Your goal: The answer is to be an exact copy of the lines below running from the line with "Viestintäjohtaja Anne Paasi" down to the line with "Juego de sujetadores", both ends included, and nothing more.

Material to process:
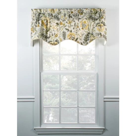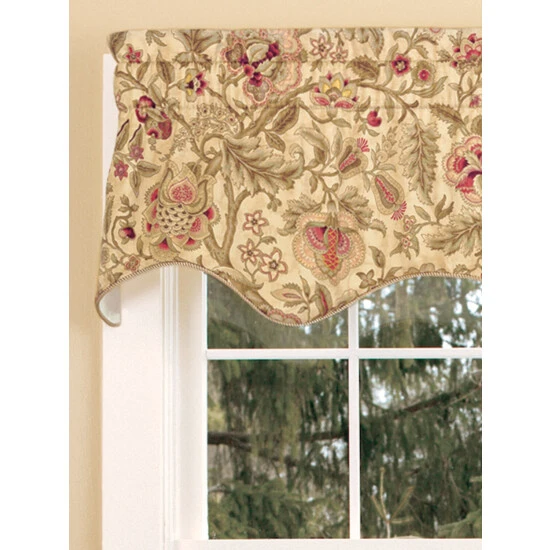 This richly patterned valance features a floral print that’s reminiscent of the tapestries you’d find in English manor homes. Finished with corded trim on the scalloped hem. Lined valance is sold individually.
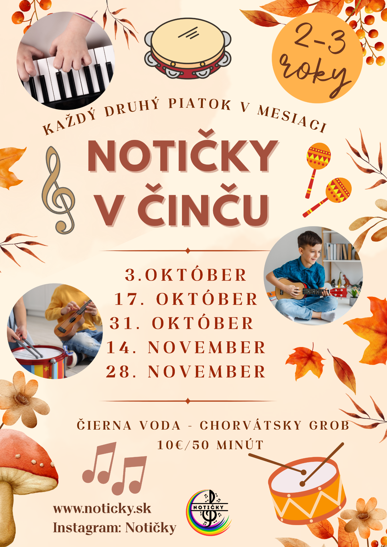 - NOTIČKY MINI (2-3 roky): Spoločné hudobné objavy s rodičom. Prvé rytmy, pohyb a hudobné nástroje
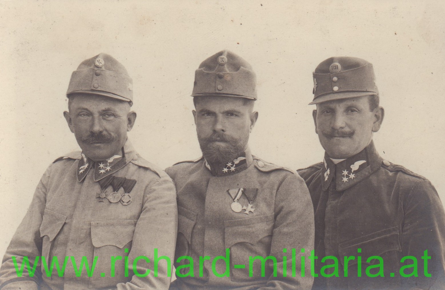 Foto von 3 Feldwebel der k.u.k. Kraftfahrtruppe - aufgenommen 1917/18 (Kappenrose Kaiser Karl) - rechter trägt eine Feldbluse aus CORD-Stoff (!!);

...

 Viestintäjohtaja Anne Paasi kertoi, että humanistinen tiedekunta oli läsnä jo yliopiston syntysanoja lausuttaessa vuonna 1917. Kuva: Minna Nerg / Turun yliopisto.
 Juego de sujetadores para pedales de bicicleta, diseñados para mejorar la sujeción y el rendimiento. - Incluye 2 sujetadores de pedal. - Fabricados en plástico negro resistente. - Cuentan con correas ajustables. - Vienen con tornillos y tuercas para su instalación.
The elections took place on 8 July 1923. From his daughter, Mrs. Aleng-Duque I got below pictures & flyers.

Written solution:
 Viestintäjohtaja Anne Paasi kertoi, että humanistinen tiedekunta oli läsnä jo yliopiston syntysanoja lausuttaessa vuonna 1917. Kuva: Minna Nerg / Turun yliopisto.
 Juego de sujetadores para pedales de bicicleta, diseñados para mejorar la sujeción y el rendimiento. - Incluye 2 sujetadores de pedal. - Fabricados en plástico negro resistente. - Cuentan con correas ajustables. - Vienen con tornillos y tuercas para su instalación.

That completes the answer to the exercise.